ÓRGÃO JULGADOR : 5ª Câmara de Direito Público

APELAÇÃO CÍVEL (198) No 0802021-13.2017.8.18.0140

APELANTE: RAIMUNDO NONATO DA SILVA, SEVERINO LARANJEIRA, INSTITUTO DE ASSISTENCIA TECNICA E EXTENSAO RURAL DO ESTADO DO PIAUI

Advogado(s) do reclamante: PAULA ANDREA DANTAS AVELINO MADEIRA CAMPOS

APELADO: INSTITUTO DE ASSISTENCIA TECNICA E EXTENSAO RURAL DO ESTADO DO PIAUI, ESTADO DO PIAUI, RAIMUNDO NONATO DA SILVA, SEVERINO LARANJEIRA
REPRESENTANTE: ESTADO DO PIAUI

Advogado(s) do reclamado: PAULA ANDREA DANTAS AVELINO MADEIRA CAMPOS

RELATOR(A): Desembargador EDVALDO PEREIRA DE MOURA


EMENTA


APELAÇÃO CÍVEL. PROGRESSÃO FUNCIONAL EMATER. PRINCÍPIO DA DIALETICIDADE. PRESCRIÇÃO DAS PRESTAÇÕES DE TRATO SUCESSIVO. INEXISTÊNCIA DE DIREITO ADQUIRIDO A REGIME JURÍDICO ESTATUTÁRIO.  CUMPRIMENTO DE REGIME JURÍDICO VIGENTE. OMISSÃO ADMINISTRATIVA. HONORÁRIOS. PRIMEIRO RECURSO CONHECIDO E PROVIDO. SEGUNDO RECURSO CONHECIDO EM PARTE E NÃO PROVIDO. 
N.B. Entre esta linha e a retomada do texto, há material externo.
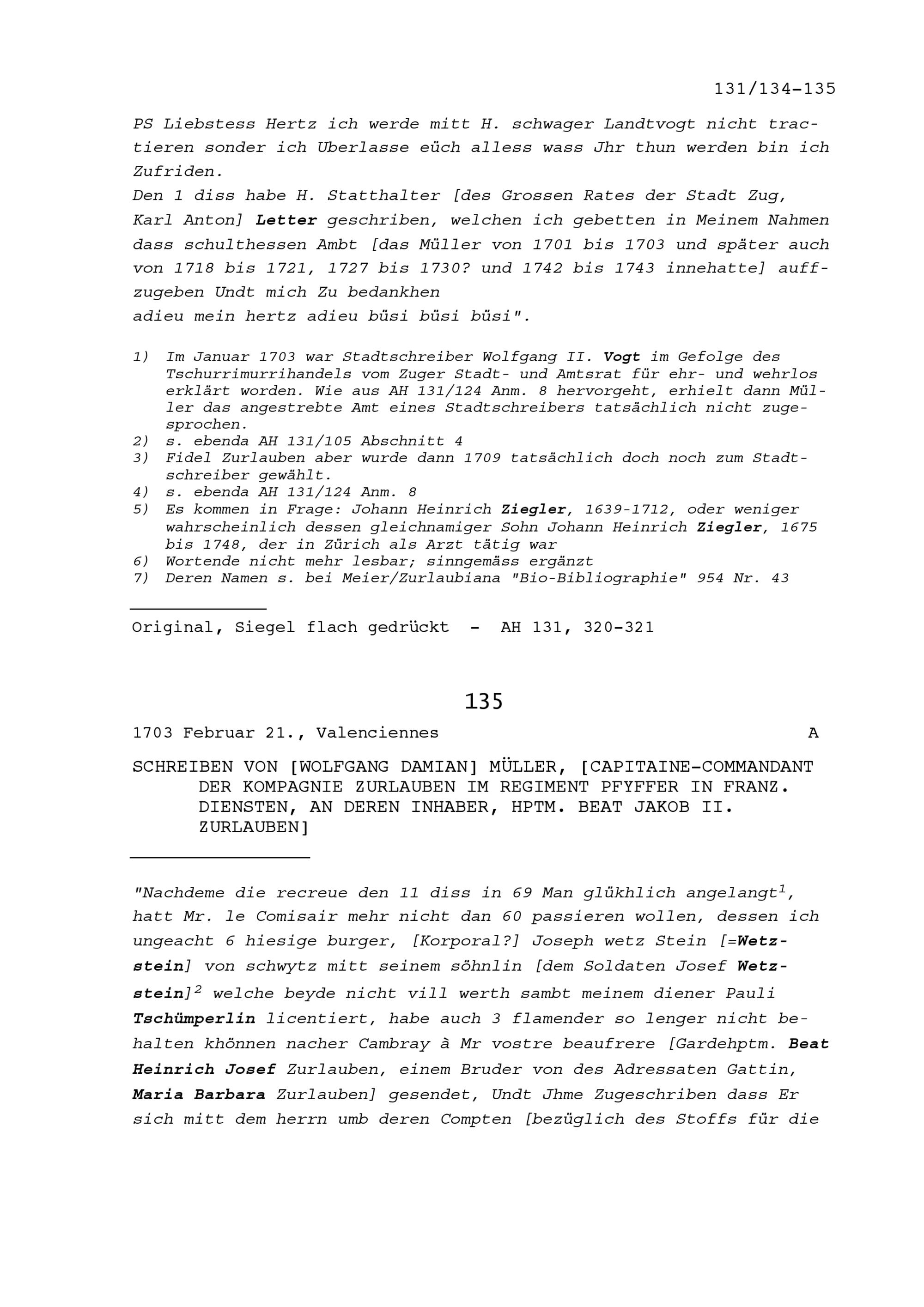 Schreiben von Wolfgang Damian Müller, Kommandant der Kompanie Zurlauben im Regiment...

01. De acordo com o princípio da dialeticidade, o recurso de apelação deve atacar os fundamentos da sentença. Assim, a apelação só pode ser conhecida na parte em que se relaciona diretamente com a sentença atacada. 

02. Estão prescritas as prestações vencidas antes do quinquênio anterior à propositura da ação, posto que a prescrição das dívidas em face da Fazenda Pública é regulada pelo Decreto nº 20.910/31, o qual prevê, em seu art. 1º, que tais dívidas passivas, “seja qual for sua natureza, prescrevem em cinco anos contados da data do ato ou fato do qual se originarem”.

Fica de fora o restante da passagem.